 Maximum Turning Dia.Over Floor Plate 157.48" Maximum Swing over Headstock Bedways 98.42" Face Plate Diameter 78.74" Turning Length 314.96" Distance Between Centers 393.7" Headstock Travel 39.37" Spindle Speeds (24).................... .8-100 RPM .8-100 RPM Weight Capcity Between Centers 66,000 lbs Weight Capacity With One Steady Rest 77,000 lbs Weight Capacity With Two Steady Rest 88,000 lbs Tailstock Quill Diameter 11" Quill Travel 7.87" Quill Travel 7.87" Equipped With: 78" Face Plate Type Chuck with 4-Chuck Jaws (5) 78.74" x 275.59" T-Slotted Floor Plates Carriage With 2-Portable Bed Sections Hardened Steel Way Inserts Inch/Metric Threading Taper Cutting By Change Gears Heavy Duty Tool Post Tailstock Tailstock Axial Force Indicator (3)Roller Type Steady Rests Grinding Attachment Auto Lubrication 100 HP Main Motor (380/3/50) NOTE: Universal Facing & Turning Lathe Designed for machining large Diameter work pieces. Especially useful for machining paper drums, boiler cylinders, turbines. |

...

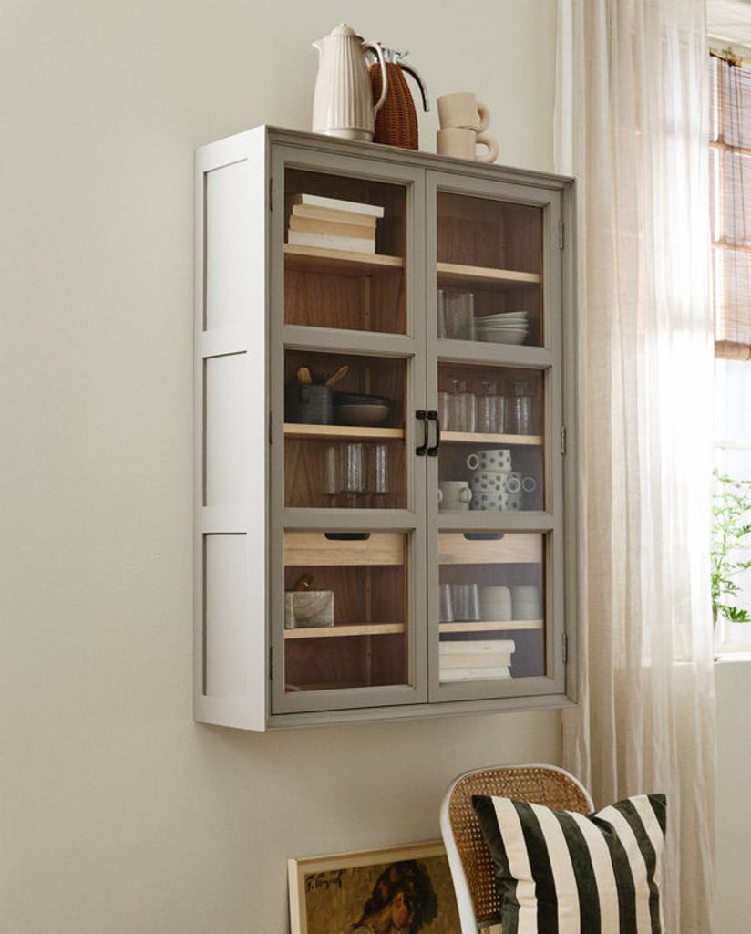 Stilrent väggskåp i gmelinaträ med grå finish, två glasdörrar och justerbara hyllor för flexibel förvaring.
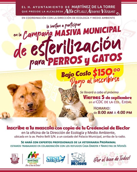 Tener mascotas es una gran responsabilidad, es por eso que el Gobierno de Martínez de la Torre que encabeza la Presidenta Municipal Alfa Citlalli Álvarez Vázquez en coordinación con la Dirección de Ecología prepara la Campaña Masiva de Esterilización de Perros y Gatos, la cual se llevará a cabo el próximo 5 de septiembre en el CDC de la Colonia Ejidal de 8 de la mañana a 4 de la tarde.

--

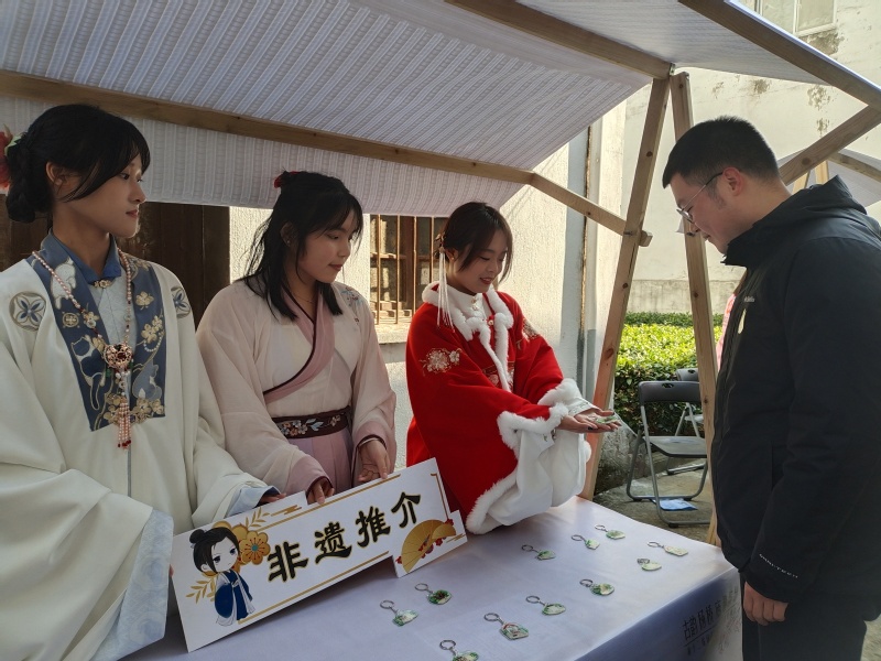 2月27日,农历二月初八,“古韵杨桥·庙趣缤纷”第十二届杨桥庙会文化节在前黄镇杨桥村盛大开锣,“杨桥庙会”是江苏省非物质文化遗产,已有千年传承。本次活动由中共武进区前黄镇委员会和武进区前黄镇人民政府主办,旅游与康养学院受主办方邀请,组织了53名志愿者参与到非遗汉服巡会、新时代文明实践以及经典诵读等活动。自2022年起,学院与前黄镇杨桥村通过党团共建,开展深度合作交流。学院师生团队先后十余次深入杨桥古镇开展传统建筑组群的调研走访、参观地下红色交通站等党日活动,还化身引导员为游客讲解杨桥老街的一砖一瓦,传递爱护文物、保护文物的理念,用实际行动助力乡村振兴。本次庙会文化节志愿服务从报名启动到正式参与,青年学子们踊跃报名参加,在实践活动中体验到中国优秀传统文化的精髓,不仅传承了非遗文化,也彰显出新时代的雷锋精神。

◆ ACTION ITEM
Above are entries with pictures among them. Write out exactly the lines from the one containing "Stilrent väggskåp i" through the one containing "Tener mascotas es", ends included, and leave those pictures out.

◆ TASK RESPONSE
 Stilrent väggskåp i gmelinaträ med grå finish, två glasdörrar och justerbara hyllor för flexibel förvaring.
 Tener mascotas es una gran responsabilidad, es por eso que el Gobierno de Martínez de la Torre que encabeza la Presidenta Municipal Alfa Citlalli Álvarez Vázquez en coordinación con la Dirección de Ecología prepara la Campaña Masiva de Esterilización de Perros y Gatos, la cual se llevará a cabo el próximo 5 de septiembre en el CDC de la Colonia Ejidal de 8 de la mañana a 4 de la tarde.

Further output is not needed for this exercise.